Mixing warm, buoyant surface water with cold, dense deep water requires that turbulence do work against gravity. This mixing process must compete with friction, which typically dissipates a large fraction of the energy of the turbulence. It has long been known, in fact, that the efficiency of ocean mixing (the fraction of turbulent energy available to do work against gravity) is remarkably consistent: about 20%. This project has furnished a long-sought explanation for that uniformity: the 20% efficiency is an expected property of marginal instability as described above. It turns out that marginal instability is not just a property of equatorial turbulence but is in fact found throughout the world ocean, thus explaining the ubiquity of 20% mixing efficiency.
The equatorial deep cycle varies from season to season. We investigated that variation using large-eddy simulations of flow regimes characteristic of the four seasons. This allowed us, for example, to correct a previous impression that the deep cycle stops in boreal spring. This misapprehension was due to the limitations of existing measurements. In fact, the simulations indicate that the deep cycle continues in all seasons and remains important to air-sea heat exchange, but in spring it becomes too shallow to be detected by existing moored instruments. Future instrument placements will be guided by this prediction.

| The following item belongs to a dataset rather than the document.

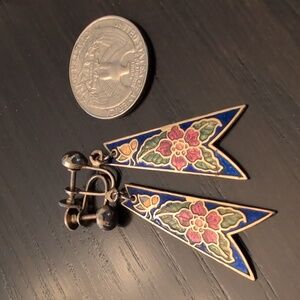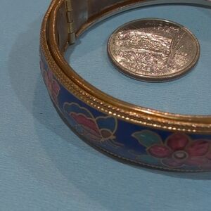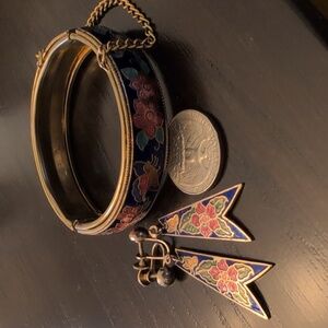 vintage cloisonne elegant floral enamel bracelet and earrings featuring vibrant blue and pink hues with gold accents. Perfect for adding a touch of color to any outfit.

While existing, multi-decadal observations of the equatorial oceans do not measure the deep cycle directly, they do allow us to detect marginal instability. We have therefore been able to develop a seasonal climatology of the deep cycle based on three decades of observations. For the future, we are in a position to use large eddy simulations to study the variation of deep cycle turbulence over the El Niño - Southern Oscillation cycle.
Broader Impacts
As noted above, marginal instability is not purely a phenomenon of the equatorial oceans; it appears to be the rule wherever ocean currents are subjected to slow forcing by winds or gravity. This includes estuarine flows, deep-ocean gravity currents and low-frequency internal waves. Similar phenomena occur in the atmosphere in connection with clear-air turbulence, and during night-time or winter cooling. Our new understanding of margial instability will be useful in these other regimes. Marginal instability is also an example of self-organized criticality, a new paradigm in statistics that describes episodic phenomena such as earthquakes, landslides, solar flares and even stock market fluctuations. This insight promises multiple avenues for interdisciplinary research in the future.
The project supported junior scientist Dr. Hieu Pham, who was promoted to the rank of project scientist during the tenure of the grant. His skillset expanded from numerical modeling to include observational techniques and data analysis as a result of working with the OSU PIs Smyth & Moum.